Getting a state title rather than a streetrod title is good in that it is not restrictive when you operqte the car. Techincaly you can only operate a streetrod titled car goin gto and from events in MN. Guys have be cited for going to the grocery store and to work. Here you must run front and rear plates for a state title. Most of us take the chance that we won't get stopped and leave the front plate under the seat. Mine has a badly damaged bracket attached to it too. maybe I could get by but if not it is about $150 fine. The cops are pretty good with us here if you are not acting crazy. Loud mufflers and blowers sticking out of the hood are looked over. I've had the troopers follow me for miles while they check ot the license and title.
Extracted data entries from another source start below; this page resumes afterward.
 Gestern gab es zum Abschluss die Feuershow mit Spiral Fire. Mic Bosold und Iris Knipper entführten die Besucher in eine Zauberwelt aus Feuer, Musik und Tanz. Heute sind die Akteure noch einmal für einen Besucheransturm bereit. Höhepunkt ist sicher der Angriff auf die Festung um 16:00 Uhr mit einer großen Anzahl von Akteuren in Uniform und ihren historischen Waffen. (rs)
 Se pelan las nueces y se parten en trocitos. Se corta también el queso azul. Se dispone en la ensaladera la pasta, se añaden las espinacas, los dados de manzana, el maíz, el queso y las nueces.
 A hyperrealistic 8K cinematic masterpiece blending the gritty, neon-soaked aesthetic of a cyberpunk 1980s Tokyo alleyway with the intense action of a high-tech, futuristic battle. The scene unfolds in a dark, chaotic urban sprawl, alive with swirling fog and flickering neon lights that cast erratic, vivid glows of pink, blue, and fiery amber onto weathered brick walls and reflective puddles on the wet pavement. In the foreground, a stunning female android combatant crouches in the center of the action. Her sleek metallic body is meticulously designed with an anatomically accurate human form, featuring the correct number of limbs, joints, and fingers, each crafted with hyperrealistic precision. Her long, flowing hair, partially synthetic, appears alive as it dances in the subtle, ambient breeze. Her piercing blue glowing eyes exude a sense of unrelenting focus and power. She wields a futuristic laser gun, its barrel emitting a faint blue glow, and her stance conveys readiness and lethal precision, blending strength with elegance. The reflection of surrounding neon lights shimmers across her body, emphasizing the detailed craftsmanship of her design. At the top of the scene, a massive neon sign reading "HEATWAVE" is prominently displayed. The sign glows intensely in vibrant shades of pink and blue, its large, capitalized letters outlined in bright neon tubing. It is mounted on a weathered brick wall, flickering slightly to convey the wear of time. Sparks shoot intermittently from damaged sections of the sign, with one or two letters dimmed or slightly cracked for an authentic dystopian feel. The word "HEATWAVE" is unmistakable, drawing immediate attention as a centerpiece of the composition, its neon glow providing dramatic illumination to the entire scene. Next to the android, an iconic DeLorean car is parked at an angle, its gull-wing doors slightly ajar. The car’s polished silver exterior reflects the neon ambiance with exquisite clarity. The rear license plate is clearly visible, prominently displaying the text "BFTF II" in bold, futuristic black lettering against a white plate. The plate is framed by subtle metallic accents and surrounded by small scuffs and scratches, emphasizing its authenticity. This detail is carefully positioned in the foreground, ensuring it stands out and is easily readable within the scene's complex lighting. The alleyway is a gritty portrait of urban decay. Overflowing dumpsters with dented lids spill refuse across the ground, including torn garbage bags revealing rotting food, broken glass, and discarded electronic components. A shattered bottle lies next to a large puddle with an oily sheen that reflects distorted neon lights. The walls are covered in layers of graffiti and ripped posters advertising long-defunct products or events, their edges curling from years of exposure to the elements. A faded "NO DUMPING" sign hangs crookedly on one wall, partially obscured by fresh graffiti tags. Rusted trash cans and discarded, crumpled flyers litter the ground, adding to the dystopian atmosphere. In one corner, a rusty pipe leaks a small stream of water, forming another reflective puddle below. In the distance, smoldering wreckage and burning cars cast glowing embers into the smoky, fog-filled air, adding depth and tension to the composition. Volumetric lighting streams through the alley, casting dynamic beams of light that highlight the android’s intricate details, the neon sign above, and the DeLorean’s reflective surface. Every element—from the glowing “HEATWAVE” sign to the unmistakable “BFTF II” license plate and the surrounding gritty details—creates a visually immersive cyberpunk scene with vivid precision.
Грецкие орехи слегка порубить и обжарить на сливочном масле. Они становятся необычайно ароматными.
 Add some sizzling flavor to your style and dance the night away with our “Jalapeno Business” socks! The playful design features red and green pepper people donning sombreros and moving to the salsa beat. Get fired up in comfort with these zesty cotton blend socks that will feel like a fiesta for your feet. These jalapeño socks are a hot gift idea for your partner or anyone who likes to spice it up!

City cops have stopped along side me many times and waved at me.

The bottom line is be sure you get very good receipts for everything...names address phone numbers and part identification numbers. If you have steel stuff make sure the frame and body numbers match. You may have to toss one or the other if not, there is not a good way around it. Don't play games with purchased titles...you could wind up having the car impounded for good.

I was told by an appraiser that my MN title added about 5 grand to the value of the car as it is saleable anywhere easily. It's worth the trouble in my mind.